EXERCISE REQUIREMENTS: Leave out any picture and return the remaining listing below exactly as given.
____ EXERCISE MATERIAL
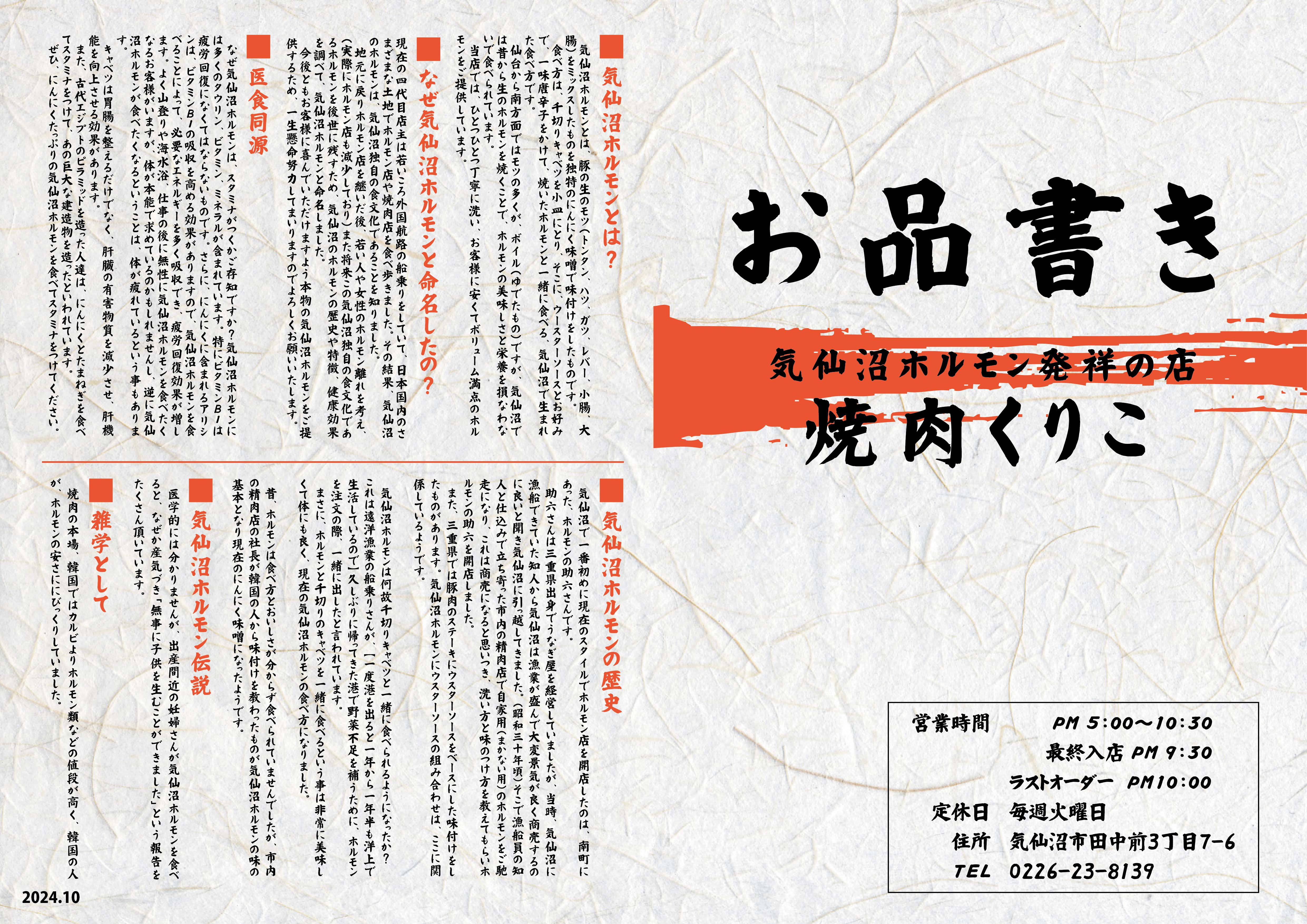 気仙沼ホルモン発祥の店 焼肉くりこ
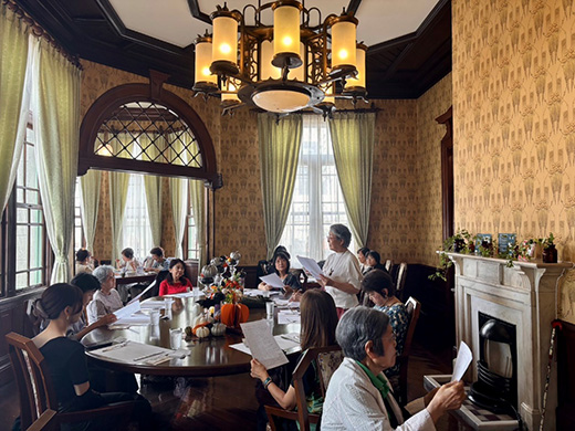 今回のお店「貴賓館」は、天神中央公園の一角に佇む洋館で明治時代に来賓接待所として建てられ、それから百余年、国の重要文化財にも指定され今もなお明治時代の古き良き歴史情緒を感じる貴重な建造物として親しまれています。その貴賓館が偶然にもカフェとして利用できることを知り即予約しました。MAX23名の貸し切り、満員御礼!
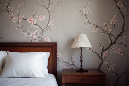 Close-up image of the simple wallpaper with flower pattern in the bedroom or hotel room.
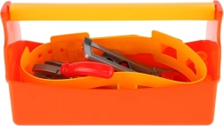 Praktičen otroški komplet orodja v oranžnem zaboju z ročajem in pasom za orodje bo razveselil vse male mojstre. Vsebuje 9 lahkih plastičnih delov, ki razvijajo fino motoriko, domišljijo in tehnično razmišljanje. Zaboj zagotavlja enostavno prenašanje in pregledno shranjevanje vseh orodij. Primerno za otroke od 3 let.
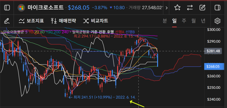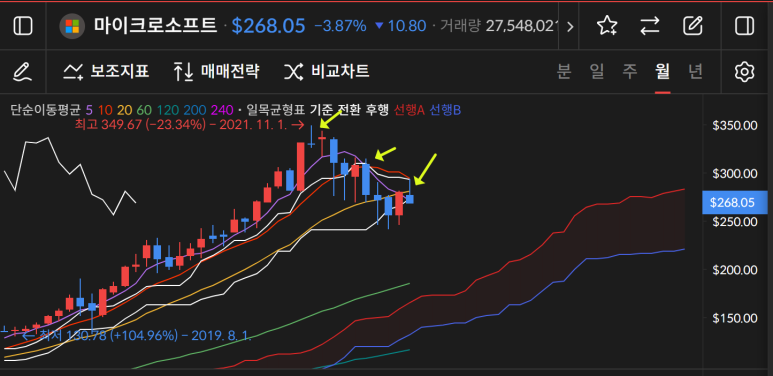 마이크로소프트 역시 월봉으로 조정신호가 나왔으므로,
________
THE ANSWER:
 気仙沼ホルモン発祥の店 焼肉くりこ
 今回のお店「貴賓館」は、天神中央公園の一角に佇む洋館で明治時代に来賓接待所として建てられ、それから百余年、国の重要文化財にも指定され今もなお明治時代の古き良き歴史情緒を感じる貴重な建造物として親しまれています。その貴賓館が偶然にもカフェとして利用できることを知り即予約しました。MAX23名の貸し切り、満員御礼!
 Close-up image of the simple wallpaper with flower pattern in the bedroom or hotel room.
 Praktičen otroški komplet orodja v oranžnem zaboju z ročajem in pasom za orodje bo razveselil vse male mojstre. Vsebuje 9 lahkih plastičnih delov, ki razvijajo fino motoriko, domišljijo in tehnično razmišljanje. Zaboj zagotavlja enostavno prenašanje in pregledno shranjevanje vseh orodij. Primerno za otroke od 3 let.
 마이크로소프트 역시 월봉으로 조정신호가 나왔으므로,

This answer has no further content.